Get the reflectances of just the red channel, and normalize the reflectance to lie between 0 and 1.
refl_red = refl[::-1, :, 10:70]
refl_pretty = (refl_red - refl_red.min()) / (refl_red.max() - refl_red.min())
A very mild Gaussian filter over the angular axis will improve the animation’s smoothness.
refl_pretty.data = gaussian_filter1d(refl_pretty, sigma=0.5, truncate=2, axis=2)
We can apply some simple tone mapping to brighten up the scene for visualization purposes.
refl_pretty = refl_pretty / (refl_pretty + 1.5 * refl_pretty.mean())
Append all but the first and last frame in reverse order, to get a ‘bounce’ effect.
frames = np.arange(refl_pretty.sizes["number_of_views"])
frames = np.concatenate((frames, frames[-1::-1]))
frames
array([ 0, 1, 2, 3, 4, 5, 6, 7, 8, 9, 10, 11, 12, 13, 14, 15, 16,
17, 18, 19, 20, 21, 22, 23, 24, 25, 26, 27, 28, 29, 30, 31, 32, 33,
34, 35, 36, 37, 38, 39, 40, 41, 42, 43, 44, 45, 46, 47, 48, 49, 50,
51, 52, 53, 54, 55, 56, 57, 58, 59, 59, 58, 57, 56, 55, 54, 53, 52,
51, 50, 49, 48, 47, 46, 45, 44, 43, 42, 41, 40, 39, 38, 37, 36, 35,
34, 33, 32, 31, 30, 29, 28, 27, 26, 25, 24, 23, 22, 21, 20, 19, 18,
17, 16, 15, 14, 13, 12, 11, 10, 9, 8, 7, 6, 5, 4, 3, 2, 1,
0])
In order to display an animation in a Jupyter notebook, the “backend” for matplotlib has to be explicitly set to “widget”.

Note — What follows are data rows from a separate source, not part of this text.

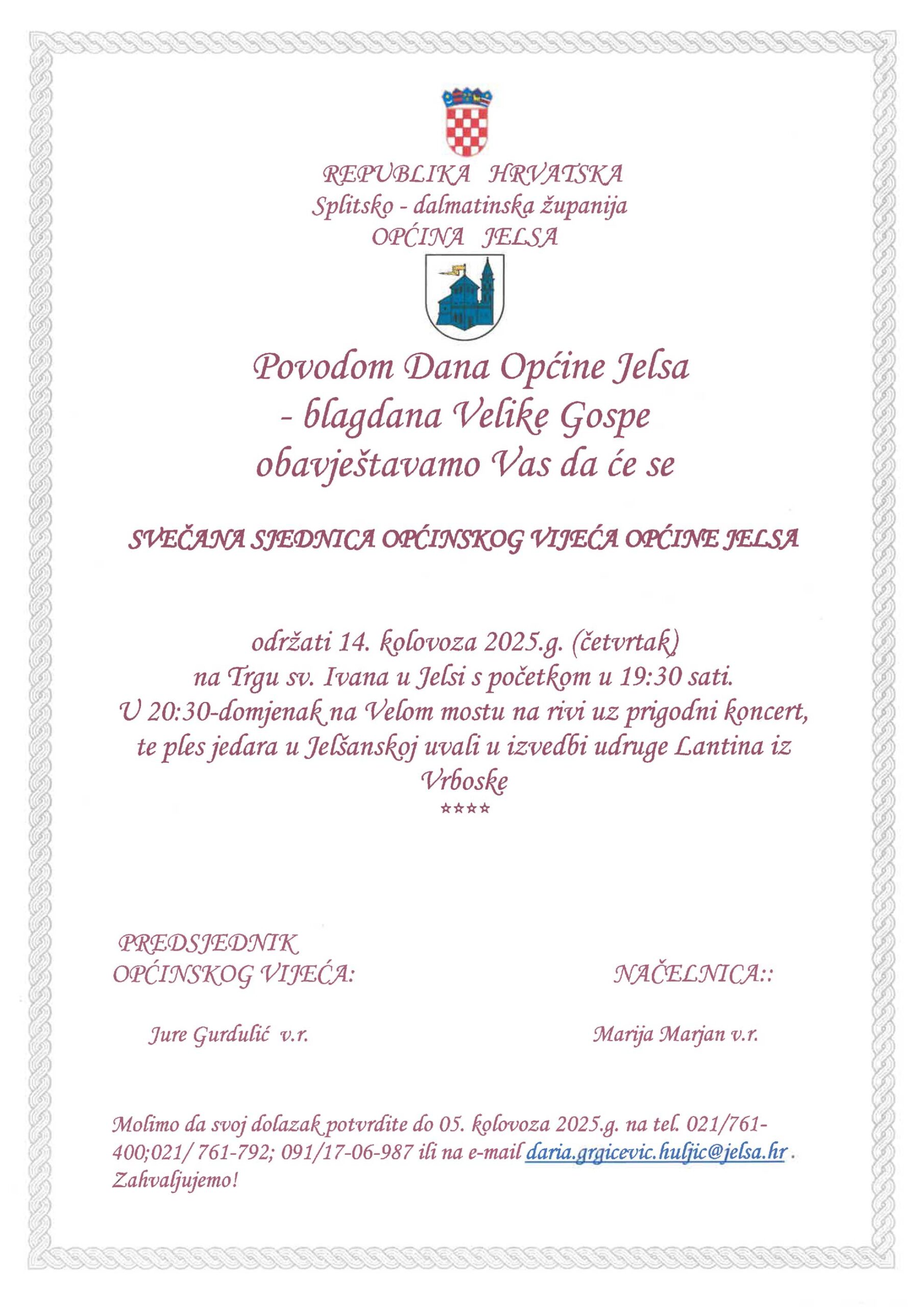 Poziv na svečanu sjednicu Općinskog vijeća Općine Jelsa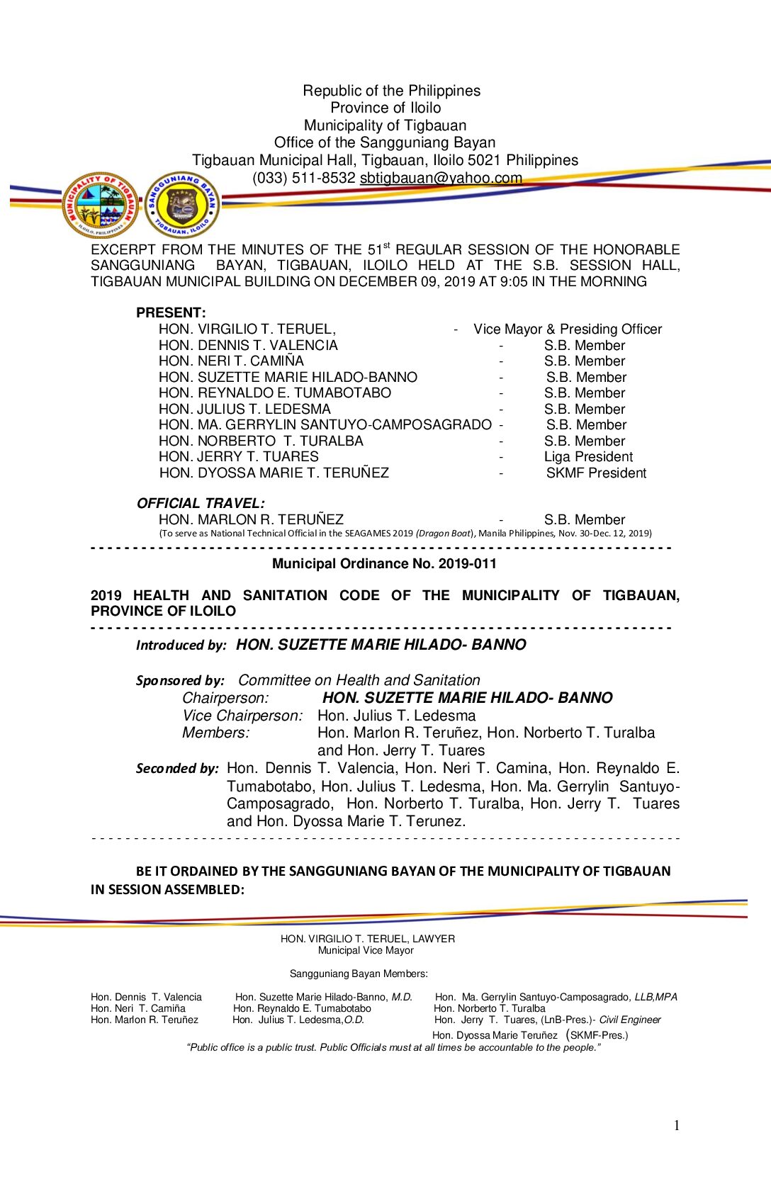 Municipal Ordinance No. 2019-011 – 2019 HEALTH AND SANITATION CODE OF THE MUNICIPALITY OF TIGBAUAN, PROVINCE OF ILOILO
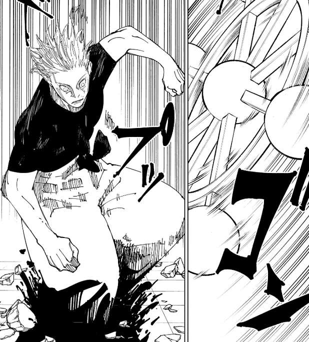 宿儺は術式順転「蒼」の攻撃を全て避けますが、五条は宿儺に近づき蹴りをくらわせます。宿儺はダメージを負いますが、致命傷を与える事は出来ません。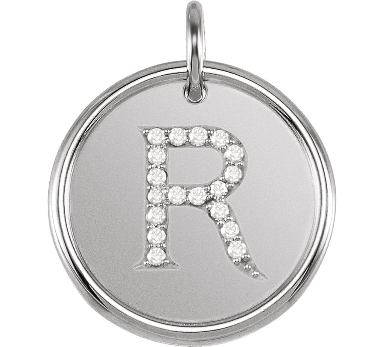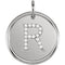 • 18 Hand-Set Diamond Filled Initial R Contrasted on a Bead-blasted Finish Framed with a Raised Polished Round Border; Pendant is Crafted in Rhodium-Plated 14k White Gold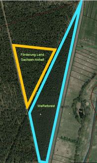 Die Kosten der anderen drei Flächen (gelb markiert, angrenzend an obige Fläche und in der Nähe des Altenpflegeheimes) in Höhe von ca. 70.000 € werden zu einem großen Teil (85%) durch Fördermittel des Landes Sachsen-Anhalt finanziert. Zentraler Punkt unserer Fortwirtschaftsplanung ist die Anpassung des Bestandes an die sich wandelnden klimatischen Bedingungen - um den Wald nicht nur kurzfristig zu erhalten, sondern ihn nachhaltig und klimafest für die kommenden Generationen zu gestalten.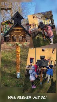 Mit viel Liebe zum Detail gefertigt, bereichert das neue Vogelhaus nun den Außenbereich des Kindergartens. Die Kinder können heimische Vögel aus nächster Nähe beobachten und dabei spielerisch mehr über Natur, Tiere und Umwelt lernen. Das Vogelhaus bietet nicht nur Schutz für unsere gefiederten Freunde, sondern wird auch ein wertvoller Bestandteil der pädagogischen Arbeit im Bereich Naturerfahrung und Umweltbildung sein.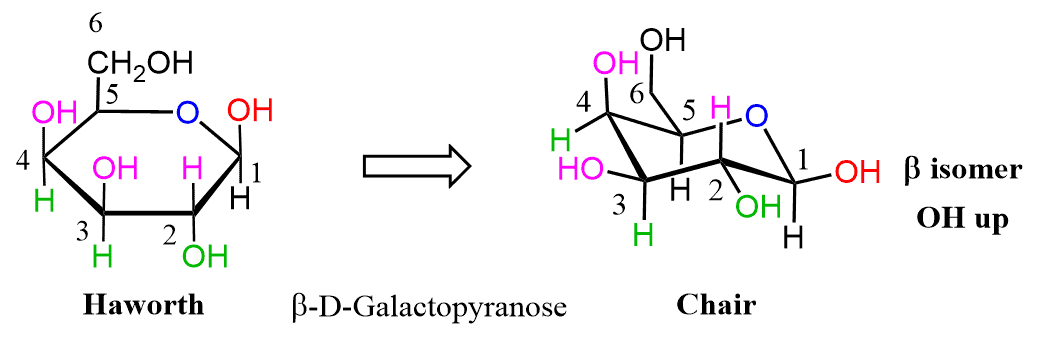 For example, let’s convert D-Galactose into β-D-Galactose pyranose in the Haworth and chair forms.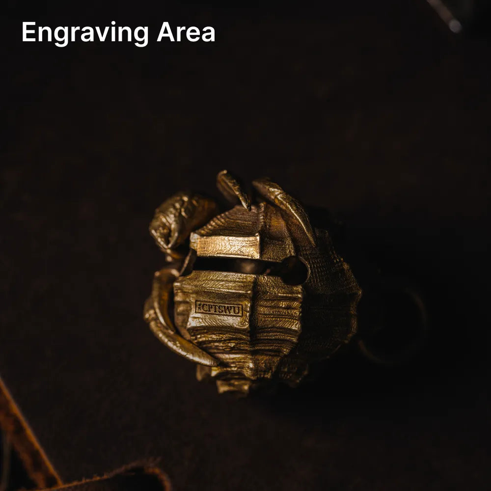 Inspired by hermit crab, we designed this keychain. Hermit crab is strange and beautiful creature lives in muddy seabeds, on land in tree caves, and under rocky ledges. They have hard pincers but soft middles with no outward protection. Because of this, they use their hooked tails to hold and wear shells they find that are of an appropriate size. They live for up to 70 years and can get up to over 12 inches in length.

Now we can use matplotlib.animation
to create an initial plot, define a function to update that plot for each new frame, and show the resulting animation. When we create the inital plot, we get back the object called im
below. This object is an instance of matplotlib.artist.Artist
and is responsible for rendering data on the axes. Our update
function uses that artist’s set_data
method to leave everything in the plot the same other than the data used to make the image.
fig, ax = plt.subplots()
im = ax.imshow(refl_pretty[{"number_of_views": 0}], cmap="gray")
def update(i):
im.set_data(refl_pretty[{"number_of_views": i}])
return im
an = animation.FuncAnimation(fig=fig, func=update, frames=frames, interval=30)
filename = f'harp2_red_anim_{dataset.attrs["product_name"].split(".")[1]}.gif'
an.save(filename, writer="pillow")
plt.close()
You can see some multi-layer clouds in the southwest corner of the granule: notice the parallax effect between these layers.
The sunglint is an obvious feature, but you can also make out the opposition effect on some of the clouds in the scene. These details would be far harder to identify without multiple angles!
Notice the cell ends with plt.close()
rather than the usual plt.show()
. By default, matplotlib
will not display an animation. To view the animation, we saved it as a file and displayed the result in the next cell. Alternatively, you could change the default by executing %matplotlib widget
. The widget
setting, which works in Jupyter Lab but not on a static website, you can use plt.show()
as well as an.pause()
and an.resume()
.
You have completed the notebook giving a first look at HARP2 data. More notebooks are coming soon!